Anyway, I am still wanting to be really careful about bringing anything home to them, as I know there are new strains of parvo and some different kennel cough ones that I know they may not be protected against. I am setting aside a pair of shoes, pants, jacket and gloves to wear while I'm at the shelter, and will leave them in the garage when I get home. 

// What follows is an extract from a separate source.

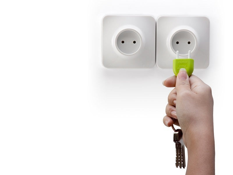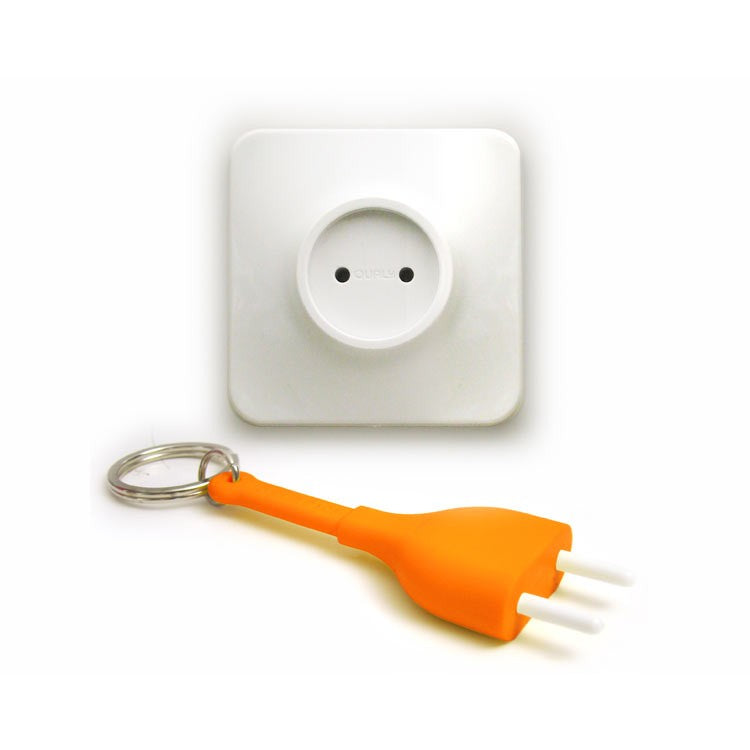 El enchufe de colores hace de llavero y va contigo al salir de casa. A la vuelta, naturalmente conectas el enchufe en su toma de corriente. Un detalle de decoración de hogar original que te ayuda a no volver a perder nunca más tus llaves.
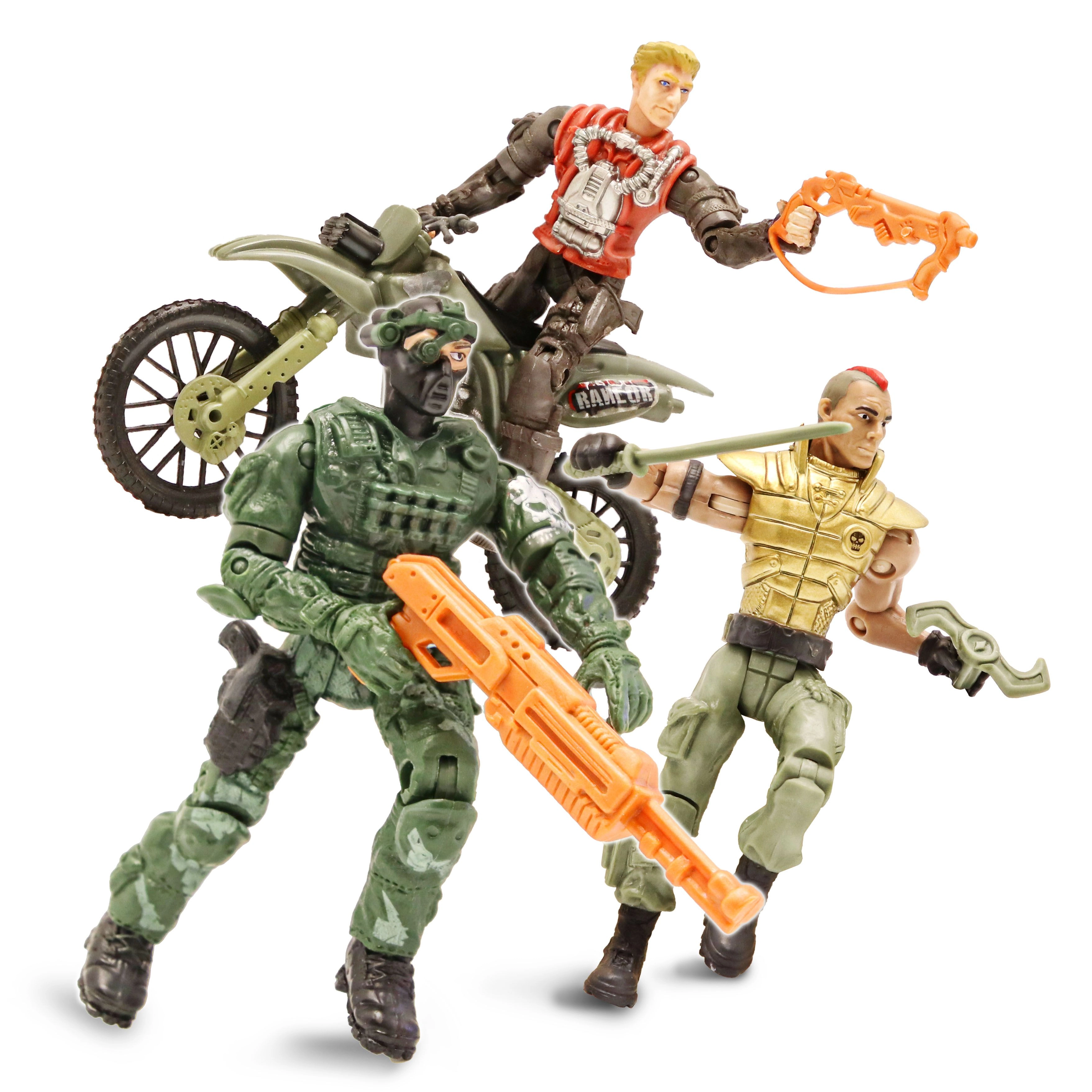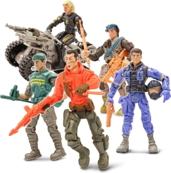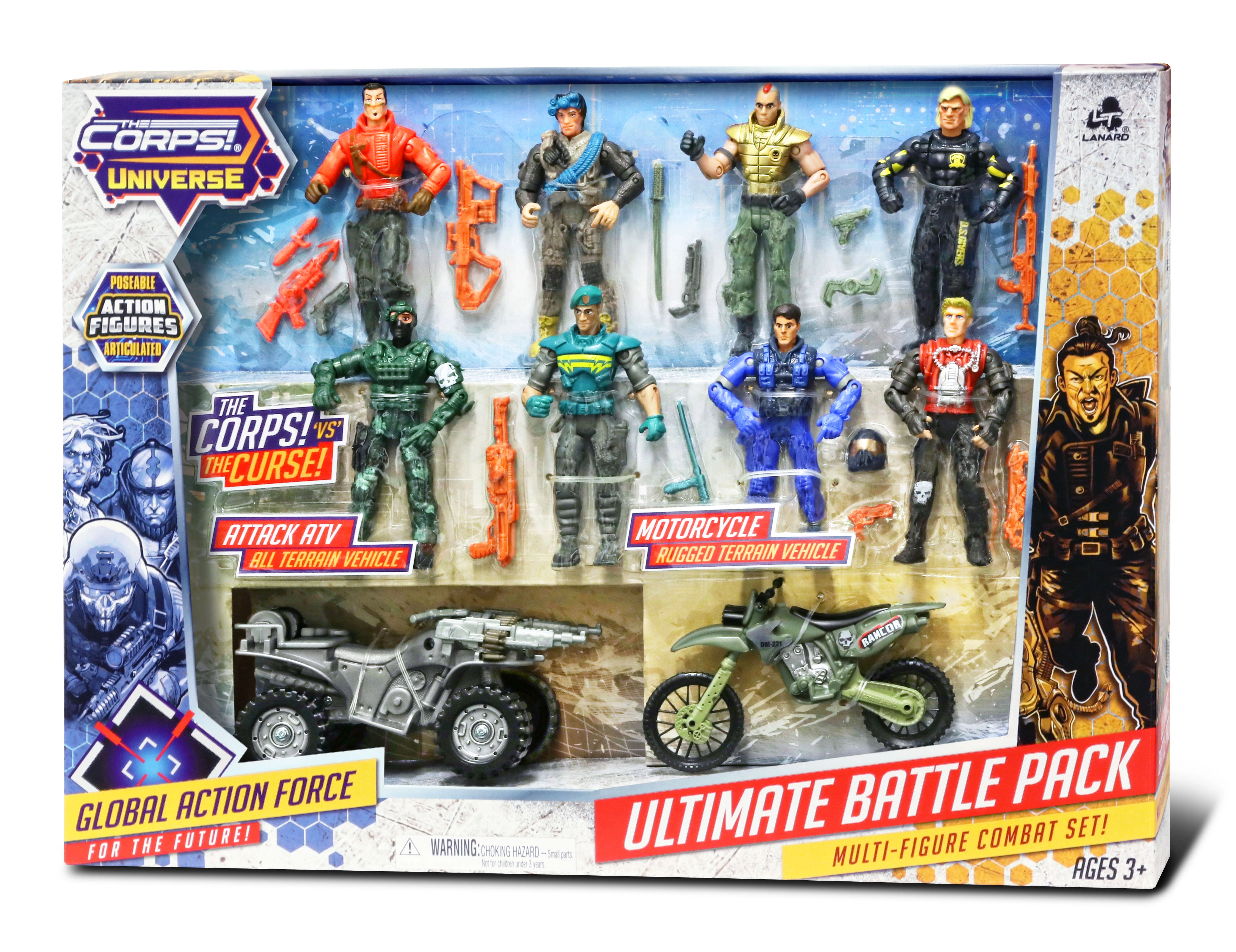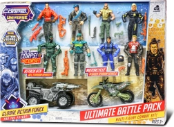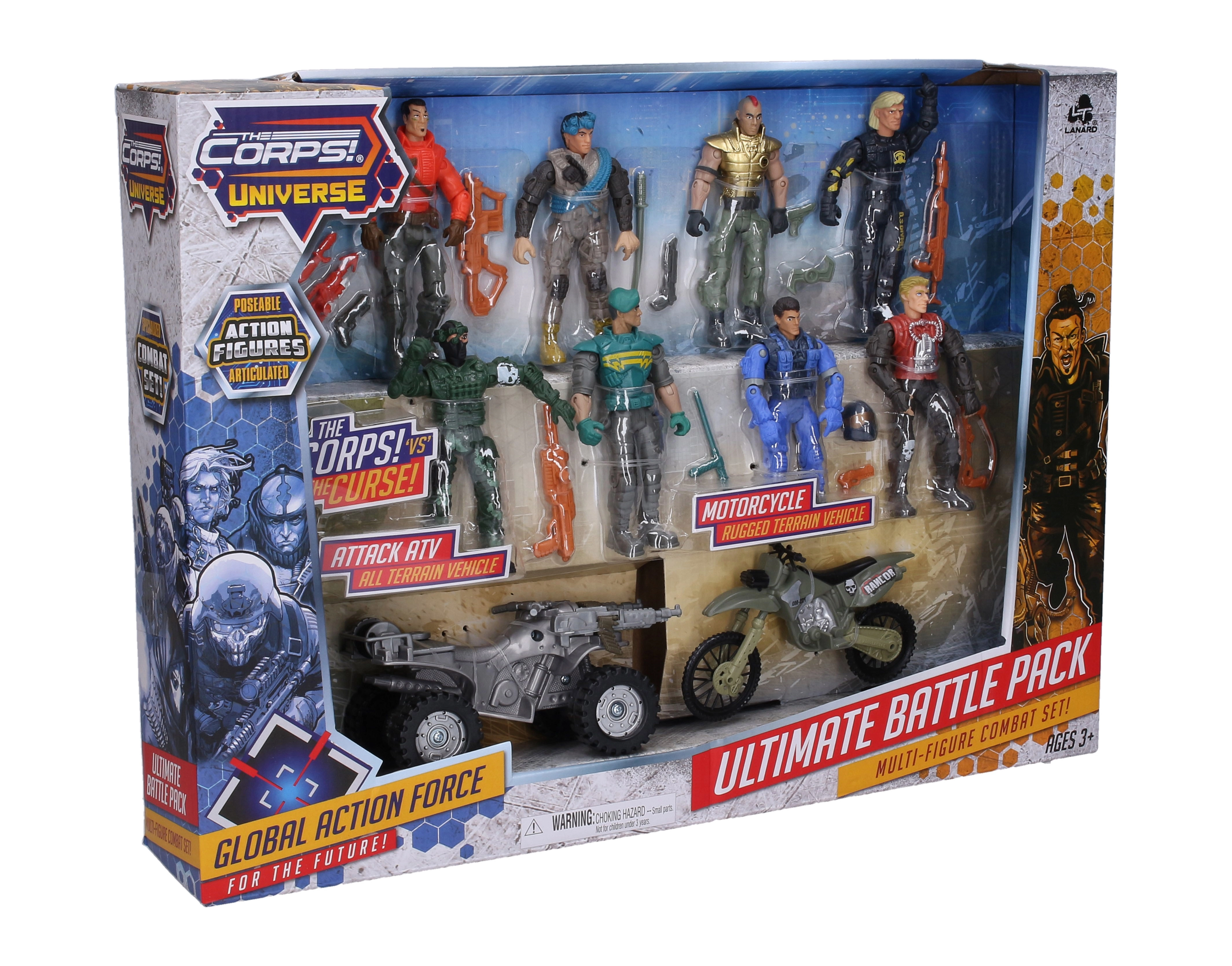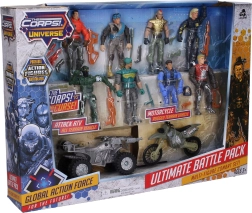 Darbīgs komplekts mazajiem piedzīvojumu meklētājiem: The Corps piedāvā 8 detalizēti izstrādātas kareivju figūras 11 cm augstumā, papildinātas ar transportlīdzekļiem dinamiskām misijām. Komplektā ietilpst motocikls 13 cm un kvadricikls 14 cm, kas nodrošina spraigu spēli un daudzas stundas izklaides.

My question though is.. if there does happen to be a case of Parvo while I'm working at the shelter, what can I wash my clothing in to be sure that the parvo virus would be killed? Obviously bleach would work, but most of the things i'm going to be wearing are blue... not white. Would Peroxide work or does that still stain colors? I know lysol kills parvo, but I can hardly pour lysol into the washing machine... Though I do plan to spray my shoes and jacket off with it in the garage. (Yea.. I know.. paranoid.) What else can I use??? 

This is kind of hard for me because I really want to help the animals in the shelter, but I'm still afraid to bring something home and get my girls sick or worse. I think I would just tip over dead if I brought something like that home to my girls.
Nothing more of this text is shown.